Roots of Blogging
Posted by tom | Aug 14, 2005Blogging in the Early Republic is a fascinating piece from Common-place: The Interactive Journal of Early American Life, tracing the origins of blogging to antebellum America's reading and journal-keeping (and/or scrapbooking) habits. I must confess that I've had such tendencies since youth, even a phase of scrapbooking on my bedroom wall!
One friend wondered how I had the time to post on this blog and who in the world reads them (besides the one making the comment). Not much disimiliar to the critique mentioned in the linked piece regarding a pamphleteer, I suppose he thinks he is shaking the world, but I can perceive very little of the motion so far. But I find this a place to reflect, gather my thoughts, and share them. Some receive a direct response, others just inform, still others lead into continuing conversations carried out face-to-face, and others just have a life on-line.

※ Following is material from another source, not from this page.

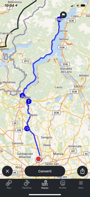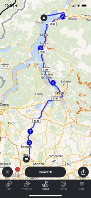 Fortunatamente l'app Calimoto che ho scaricato, una volta arrivato a Lentate mi ha fatto deviare per fare qualche curvettina e tornantino (poca roba ma meglio di niente).

Indeed, blogging demonstrates the persistence of a key truth in the history of reading, an insight as obvious to Tocqueville as it should be to most bloggers today. The insight is that readers, in a culture of abundant reading material, regularly seek out other readers, either by becoming writers themselves or by sharing their records of reading with others. That process, of course, requires cultural conditions that value democratic rather than deferential ideals of authority. But to explain how new habits of reading and writing develop, those cultural conditions matter as much -- perhaps more -- than economic or technological innovations. As Tocqueville knew, the explosion of newspapers in America was not just a result of their cheapness or their means of production, any more than the explosion of blogging is just a result of the fact that free and user-friendly software like Blogger is available. Perhaps, instead, blogging is the literate person's new outlet for an old need. In Wright's words, it is the need "to see more of what is going on around me." And in print cultures where there is more to see, it takes reading, writing, and association in order to see more.